Hacker Newsnew | past | comments | ask | show | jobs | submitlogin

He did present things as revolutionary that already shipped months ago elsewhere, and this was irritating at times. But. This is exactly the point that so many other companies/brands missed. Serve your usebase, make the product revolutionary with as boring tech as possible.

Yes of course Apple, a fantastically capital-strong enterprise did spend a lot on tech R&D, but they usually did their own non-standard thing. (Vertical integration, the consequence of narrow focus, later the advantage of product/brand differentiation.) Of course, again, all possible due to the wildly successful Mac/MacBooks.



> He did present things as revolutionary that already shipped months ago elsewhere, and this was irritating at times.

He knew that who did it first didn’t matter as much as the first one to do it right. New technology can’t be revolutionary if the products it’s sold in flop or never escape their tiny niche, no matter how cool it is.

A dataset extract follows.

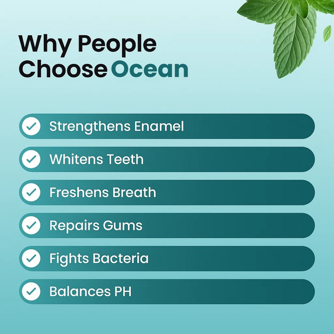 Most gums just cover up bad breath — Ocean™ actually improves your oral health. With every chew, it boosts saliva production, fights bacteria, strengthens enamel, and gently removes surface stains — all without harsh chemicals, bleach, or toothpaste.

Mac and MacBooks were not wildly successful back then. iPods were, though. I can’t find a graph for 2000s, but Apple desktop and computers started being used more after iPhone came out (and after MacBook Air came out).

https://gs.statcounter.com/os-market-share/desktop/united-st...

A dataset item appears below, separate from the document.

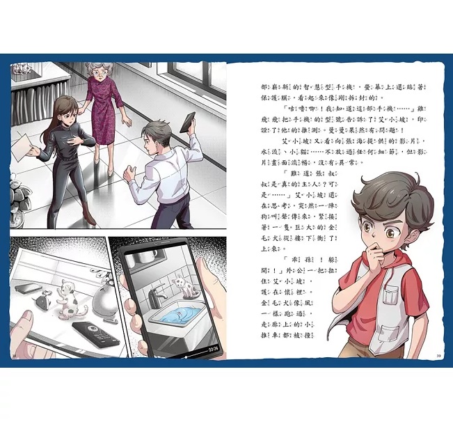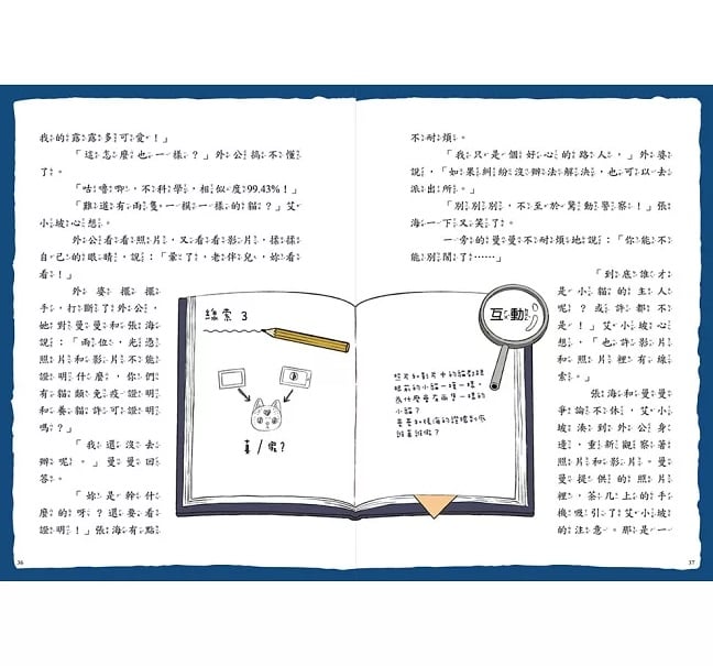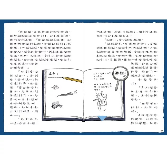 ★★★超級上癮~讀者熱烈敲碗四部曲!★★★ -年度超人氣TOP推理書- ★小學生人手一本‧爸媽指定必買!★ 系列書榮獲★台北深耕閱讀獎★中小學生讀物選介獎 ‧讓孩子看了根本停不下來的推理故事‧ -燒腦+科學推理+偵探故事- ----- 破案能力大升級的9歲神探艾小坡, 改造飛船重返地球的外星人雞飛飛, 兩人穿越星際,再次結成口袋神探聯盟── 一同用科學知識破解生活中的謎案! 表演者在湖中離奇失蹤,是湖神顯靈? 複製貓的身上,又藏有什麼科學陰謀? 隨著黑雨衣大盜的身世之謎被解開,更引發一連串危機……    有案子就交給神探艾小坡 ! 趕快動腦破案‧用科學知識找到真相!              ◎引導閱讀    《口袋神探》這一系列,是專為小學生量身打造創作的推理故事,藉由書中生活化的情節,和知識單元的引導設計,能將孩子輕易帶進主角艾小坡的生活中,從而像小偵探一樣進入每一個案發現場,從每一幅特別設計的插畫中,尋找案情的蛛絲馬跡。 ‧圖文並茂,讓孩子身歷其境  故事裡的疑點和線索,以圖文並茂的形式依序展現在孩子面前時,小偵探的思考過程便也跟著呈現,沒有什麼比這樣的方式更直接,更能讓孩子感知到什麼是科學思維、邏輯思維。 ‧故事主軸緊扣五大思維能力-觀察力+判斷力+推理力+邏輯力+想像力    ‧不僅有推理,故事謎案背後進一步揭露科學原理 「乾洗手液也能燃燒?」 「有些東西是『食物』也是『毒藥』?」 這些既是科學知識,同時也是破案的關鍵。《口袋神探》中的每一個故事,最後揭開謎底、發現真相的關鍵都是一個科學知識點。每集故事後面,都有「科學偵探大揭秘」單元,為孩子們詳細解讀主角破案時運用到的科學知識。 比讓孩子獲取科學知識更重要的,是培養其科學思維,這種思維背後的邏輯思考能力,不僅是學習數理化的基礎,更能運用到任何一個領域,幫助孩子在生活中有效地解決各項問題。

I thought iMacs preceeded iPods, but my memory may be failing me... The iMac was the original rebirth of the flagging Mac image...


They did, I am just disputing the notion that they were “wildly” successful.

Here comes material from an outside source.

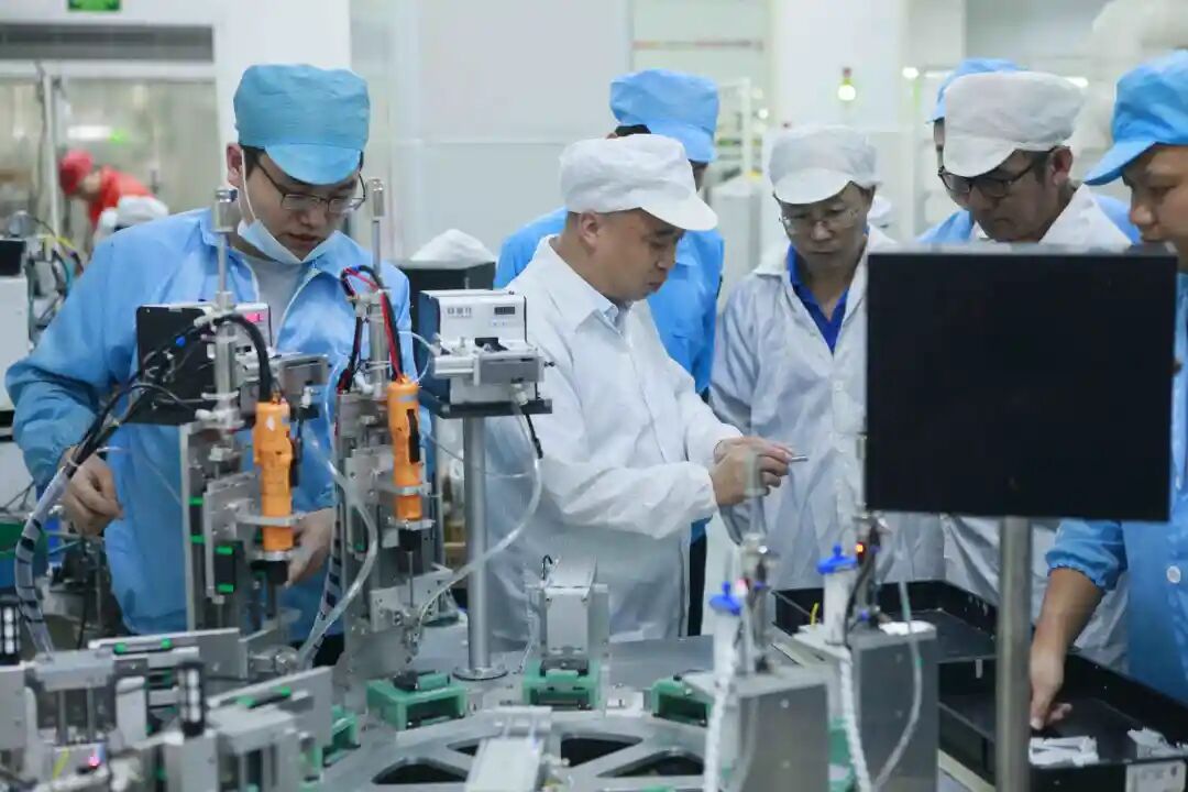 仪式的最后,全体参加人员齐聚设备旁,在镜头前留下了珍贵的合影。照片中,大家脸上洋溢着自豪的笑容,这一张合影不仅定格了双晶体自动锁附设备投产的重要时刻,更记录了六禾人携手推动创新的坚定决心。

iPod and iPhones I would describe as wildly successful. Even AirPods. Even iPads. They were THE device to get in that market segment, and if you looked around lots of people had them. The M processor MacBooks are also wildly successful. But I don’t remember the iMacs being like that in early 2000s.


... right, I meant to say "loads of cash because of very nice profit margins and lots of units sold"

https://lowendmac.com/ed/fox/11ff/apple-decade.html

https://cdn.statcdn.com/Infographic/images/normal/8817.jpeg


> He did present things as revolutionary that already shipped months ago elsewhere, and this was irritating at times.

It was irritating to a specific brand of nerd who valued "doing it first" over "doing it right". They were a fascinating sideshow back then, if not a little irritating themselves. To see someone write this in 2025 is like learning about the Japanese holdouts after World War II.


I still think they are not doing things right. (Their UI continues to look and feel crazy. Hardware is amazing, software is made for a circus show. Just give some simple task that involves Finder, or any settings on any of their device.)

But it was way more snappier than the median Android device, and usually looked more consistent too.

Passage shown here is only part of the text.